A cerimônia do chá japonesa, o chanoyu, é também um caminho filosófico para a vida. Imagem: Michihiro Tanaka

Uma das coisas que mais me trazem paz de espírito é a beleza de ver o líquido do chá — com sua cor entre o âmbar e o verde-oliva, dependendo da oxidação das folhas — sendo, como se diz em Portugal, deitado em uma xícara de porcelana imaculadamente branca; um prazer estético-sensorial proporcionado por essas duas instituições milenares originárias da China que encantaria as elites europeias a partir do século 13. {Conheça o príncipe saxão que conseguiu finalmente descobrir o segredo chinês da porcelana em 1708, clicando aqui.}

O CHÁ E O BUDISMO, UMA INTRODUÇÃO: ORIGENS PRÓXIMAS NO ESPAÇO QUE SE CONECTAM AO LONGO DOS MILÊNIOS

O imperador mítico Shennong — uma divindidade tanto na China quanto no Vietnã —, aos 140 anos de idade, considerado um fazendeiro divino e descobridor do chá, em uma pintura de Guo Xu, de 1503.
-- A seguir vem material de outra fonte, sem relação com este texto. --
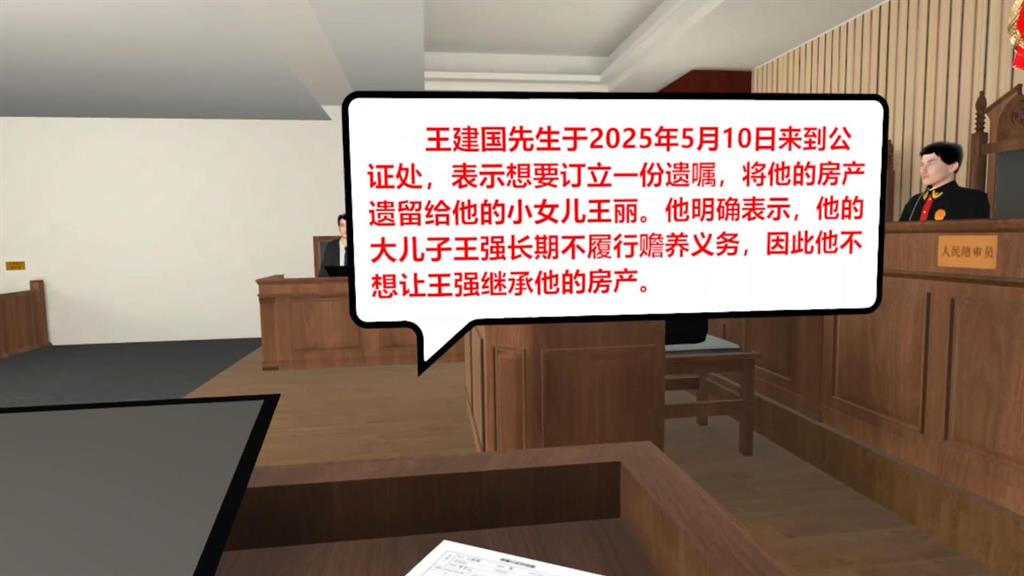 模擬成為一位公證員,體驗(yàn)遺囑公證、出庭作證等公證業(yè)務(wù)流程,讓用戶在虛擬環(huán)境中深入了解公證業(yè)務(wù)的各個(gè)過(guò)程,提高業(yè)務(wù)理解和操作能力。體驗(yàn)完成后將進(jìn)行答題測(cè)試,以檢驗(yàn)用戶對(duì)公證流程的理解程度及法律知識(shí)掌握情況。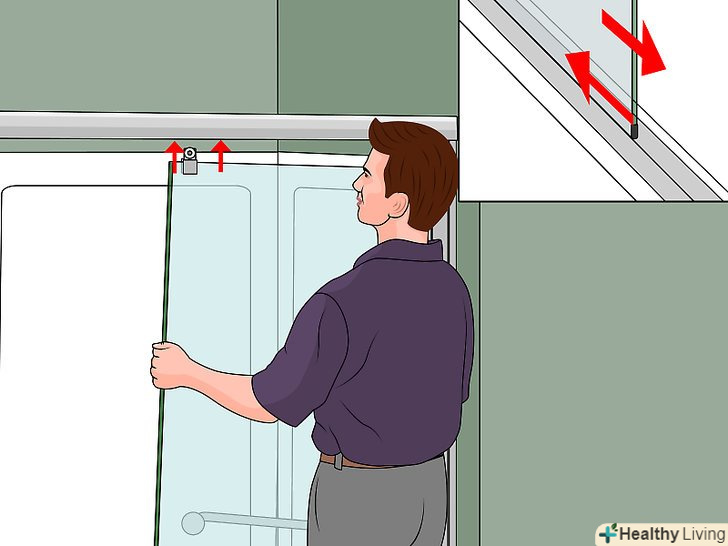 Для початку повісьте внутрішні розсувні двері. якщо ви встановлюєте розсувні двері, і обидві двері мають Вішалки для рушників, встановіть її стороною з роликами і вішалками всередину. Підніміть двері до верхньої колії і, потім, вставте її в верхню і нижню колії. Двері повинні з легкістю переміщатися, якщо встановлена правильно. Якщо ні, обережно спробуйте знову. В інструкції до вашої моделі має бути опис установки з докладними ілюстраціями.- Для деяких дверей, ролики повинні бути встановлені до того як ви почнете їх ставити на місце. Якщо це так, більшість будуть просто вставлятися на місце. Прочитайте інструкції.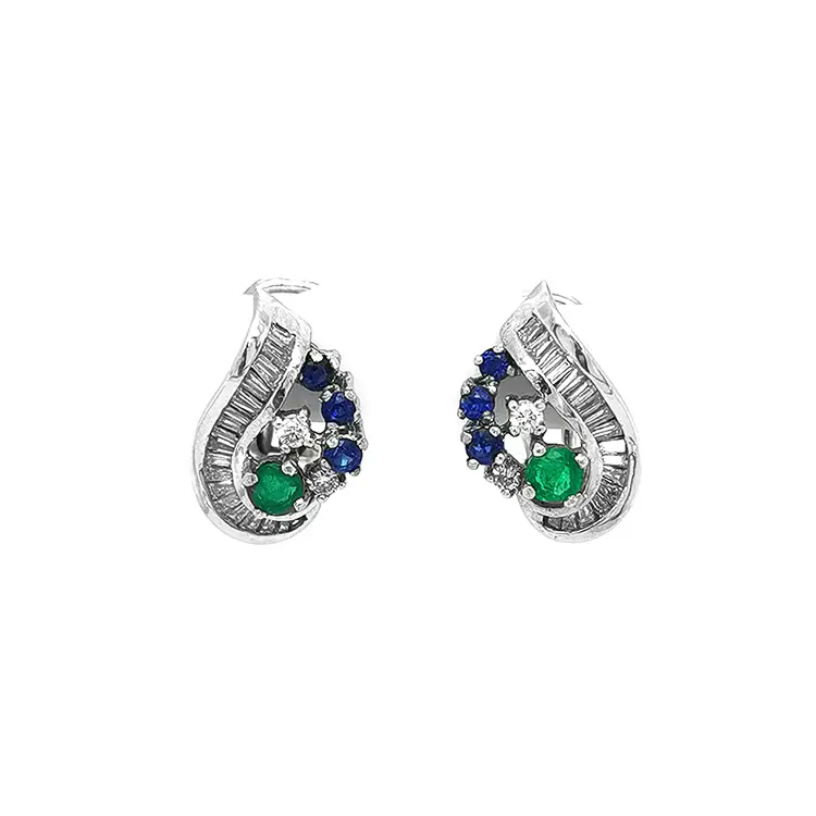 镶祖母绿、蓝宝石和钻石的黄金耳环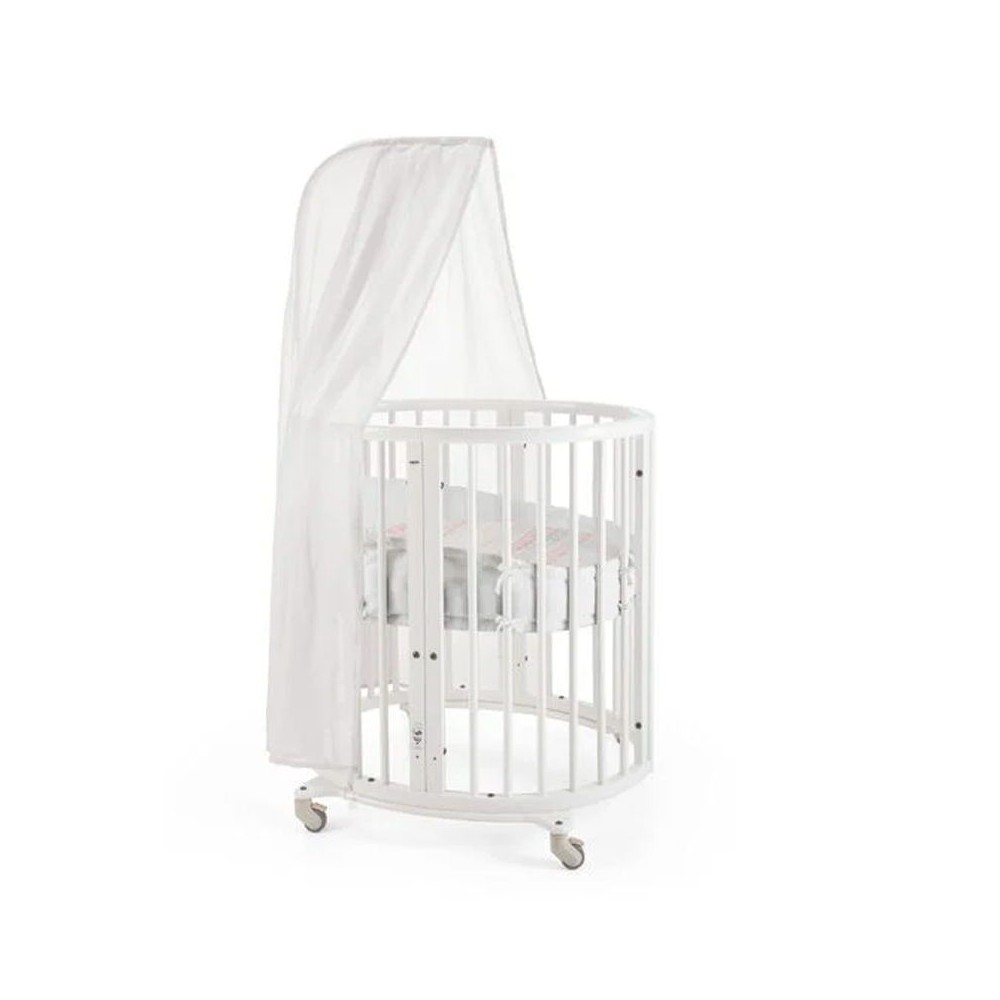 - Se coloca fácilmente en el mástil de dosel y se sujeta con cintas a la parte inferior de la cuna

Rainha das camélias, os arbustos de chá são cultivados há mais de três mil anos na província de Yunnan, no sul da China, não muito longe do Nepal, onde nasceu o príncipe Siddharta Gautama, que viria a ser o Buda, O Desperto.
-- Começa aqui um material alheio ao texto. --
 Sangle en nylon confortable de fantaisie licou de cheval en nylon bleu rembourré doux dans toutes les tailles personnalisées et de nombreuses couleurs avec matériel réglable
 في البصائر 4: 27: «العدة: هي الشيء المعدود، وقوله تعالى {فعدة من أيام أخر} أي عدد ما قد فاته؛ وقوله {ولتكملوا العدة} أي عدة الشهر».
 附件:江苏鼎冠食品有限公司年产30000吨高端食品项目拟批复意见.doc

E, ao longo dos milênios — nos anos 2700 a.C. algumas folhas de chá teriam caído na tigela de água do imperador mítico Shennong, alterando sua cor e sabor —, o chá foi a “espuma de jade líquido” dos imperadores chineses e adotado também pelos monges budistas quando seu potencial estimulante foi descoberto (as folhas de chá têm quase o dobro de cafeína dos grãos de café * e nem preciso dizer que o efeito despertador da bebida foi muito bem-vindo pelos monges em suas longas sessões de meditação).

Do continente, o chá chegou ao arquipélago do Japão no século 8, quando, na China, a bebida já deixara de ser um remédio e tornou-se não só um refinado passatempo poético mas também um método de autocompreensão (A Sagrada Escritura do Chá, o primeiro tratado da história dedicado ao chá, escrito nos anos 760 pelo poeta Lu Yu, reconhece no ato de preparar, servir e beber chá a ordem e a harmonia misteriosa do universo). Trazido pelos embaixadores japoneses no continente, o chá era servido pelo imperador a convidados especiais: de acordo com um documento, em 729, o imperador Shomu serviu chá a cem monges em seu palácio em Nara, na época, capital do Japão.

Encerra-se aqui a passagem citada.